Liu came to the United States in 1994 from China with his parents. He graduated from the Police Academy in 2007 and had married two months before his death. According to his parents, their only child had wanted to be a police officer since he was a teenager, driven in part by the Sept. 11, 2001, terrorist attacks.

Liu’s funeral was scheduled later than Ramos’ because several of his relatives traveled from China to be there. Like Ramos’ service, it was expected to draw many more people than the funeral home can hold, so large screens were to be erected in the street outside to allow the spillover crowd to watch.
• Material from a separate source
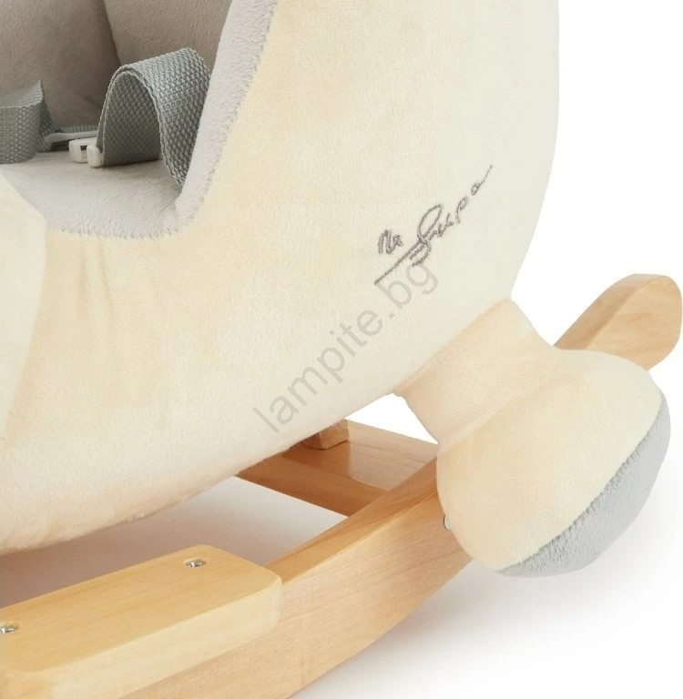 • Благодарение на меката плюшена материя и здравата дървена рамка, тя подпомага моторните умения и осигурява много безопасно забавление при люлеене.

Since the two officers’ slayings, protests that had taken place almost daily since summer have subsided. City leaders, including De Blasio, had appealed for a halt to political rhetoric and to demonstrations until after the officers’ funerals.

On Thursday, the police announced the arrest of a man suspected of taking part in an assault on officers during one of the last demonstrations, on Dec. 13 on the Brooklyn Bridge. In a statement, police said a man was charged with assaulting officers, resisting arrest and rioting. He was the fifth person arrested in connection with an altercation captured on video and posted to YouTube, which showed several people intervening as two policemen detained a man accused of trying to throw a large garbage can over a railing onto people and traffic below.

One of the officers sustained a broken nose in the melee, and both suffered cuts and bruises, police said.